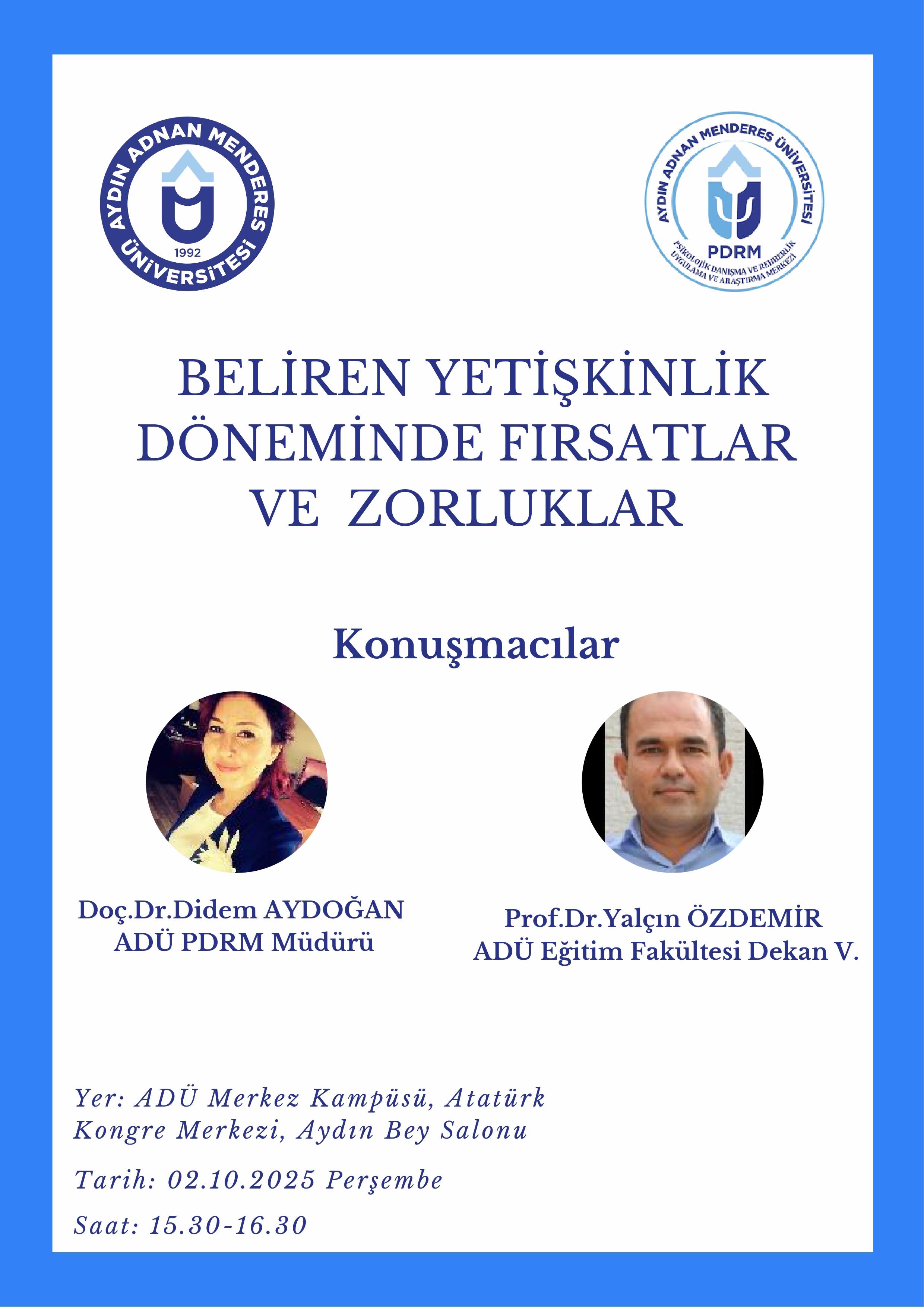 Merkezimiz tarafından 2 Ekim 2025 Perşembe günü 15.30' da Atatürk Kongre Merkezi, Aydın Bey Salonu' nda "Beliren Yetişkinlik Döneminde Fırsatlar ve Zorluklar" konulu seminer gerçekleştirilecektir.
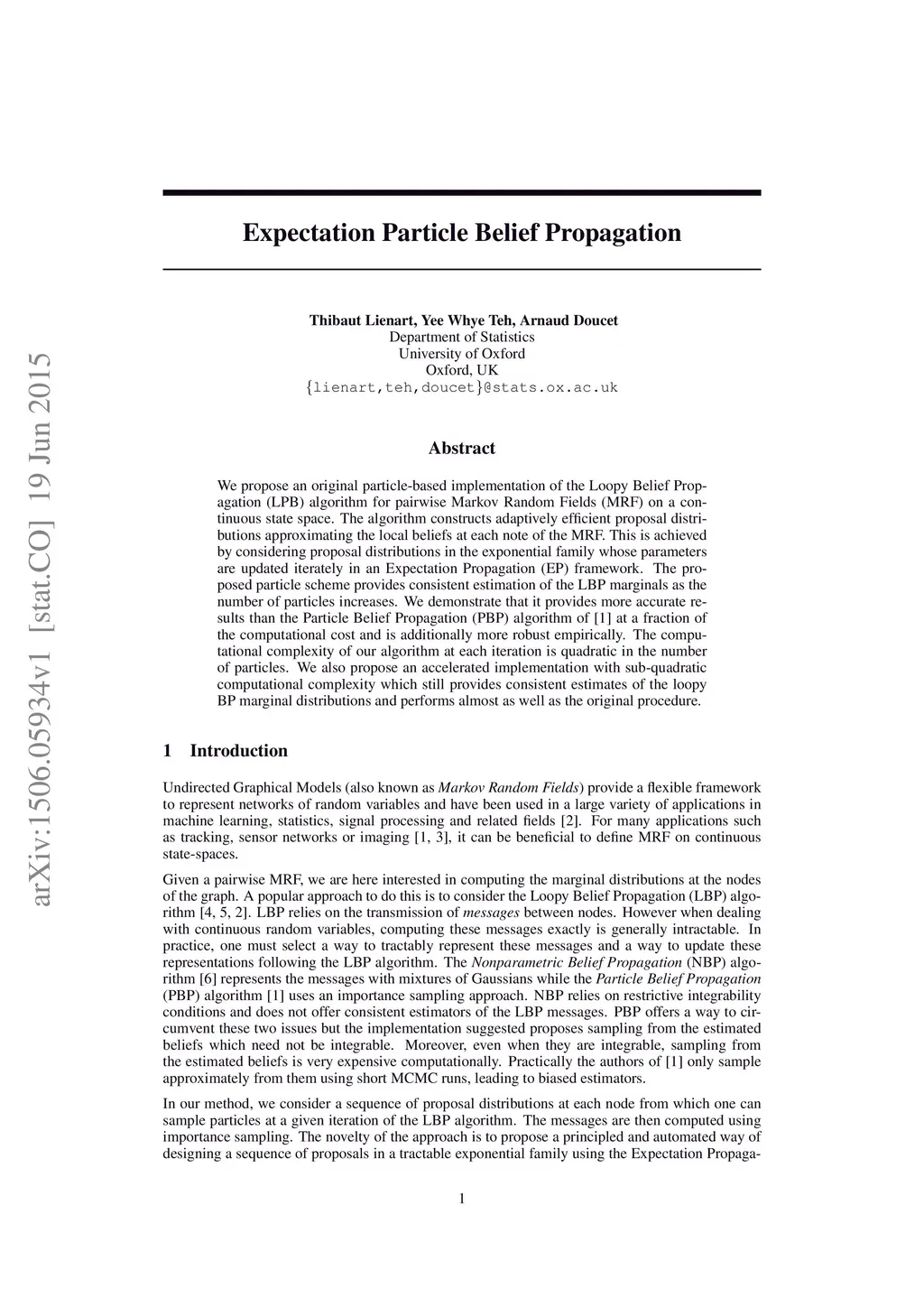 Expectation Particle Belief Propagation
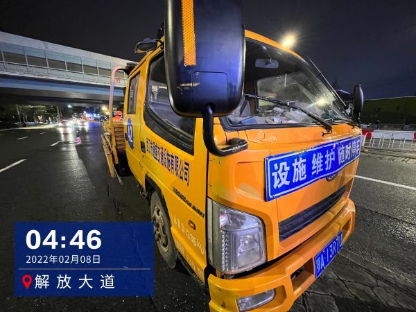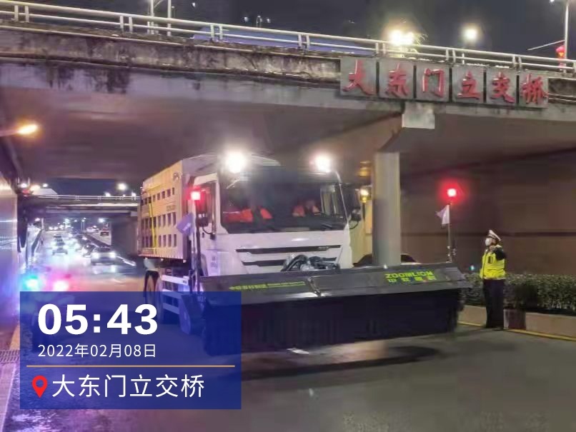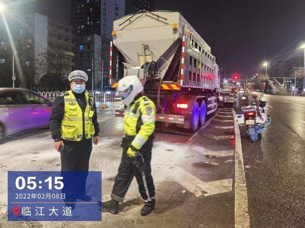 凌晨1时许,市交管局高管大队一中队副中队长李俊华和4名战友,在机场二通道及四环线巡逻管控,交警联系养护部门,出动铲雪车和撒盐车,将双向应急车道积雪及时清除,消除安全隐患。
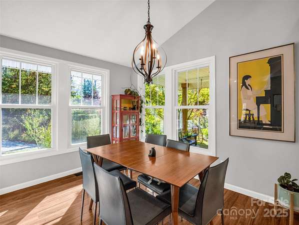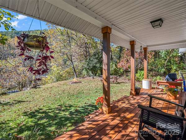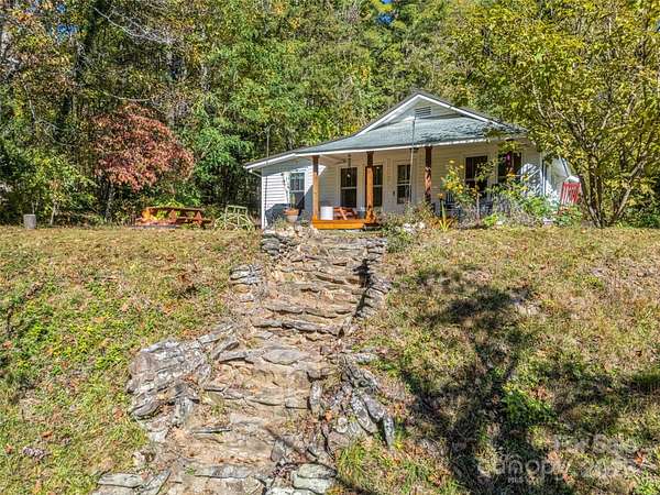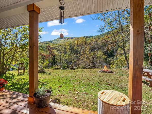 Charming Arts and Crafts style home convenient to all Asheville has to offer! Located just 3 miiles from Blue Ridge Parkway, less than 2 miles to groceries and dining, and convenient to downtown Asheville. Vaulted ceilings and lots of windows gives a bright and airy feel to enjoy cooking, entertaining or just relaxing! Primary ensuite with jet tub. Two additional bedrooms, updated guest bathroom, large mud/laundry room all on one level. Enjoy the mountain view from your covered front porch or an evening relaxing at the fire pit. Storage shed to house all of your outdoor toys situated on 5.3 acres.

# # #

▶ [WHAT YOU HAVE TO DO]
The entire listing above, word for word and without pictures, is what should be output.

▶ [ANSWER TO THIS PROBLEM]
 Merkezimiz tarafından 2 Ekim 2025 Perşembe günü 15.30' da Atatürk Kongre Merkezi, Aydın Bey Salonu' nda "Beliren Yetişkinlik Döneminde Fırsatlar ve Zorluklar" konulu seminer gerçekleştirilecektir.
 Expectation Particle Belief Propagation
 凌晨1时许,市交管局高管大队一中队副中队长李俊华和4名战友,在机场二通道及四环线巡逻管控,交警联系养护部门,出动铲雪车和撒盐车,将双向应急车道积雪及时清除,消除安全隐患。
 Charming Arts and Crafts style home convenient to all Asheville has to offer! Located just 3 miiles from Blue Ridge Parkway, less than 2 miles to groceries and dining, and convenient to downtown Asheville. Vaulted ceilings and lots of windows gives a bright and airy feel to enjoy cooking, entertaining or just relaxing! Primary ensuite with jet tub. Two additional bedrooms, updated guest bathroom, large mud/laundry room all on one level. Enjoy the mountain view from your covered front porch or an evening relaxing at the fire pit. Storage shed to house all of your outdoor toys situated on 5.3 acres.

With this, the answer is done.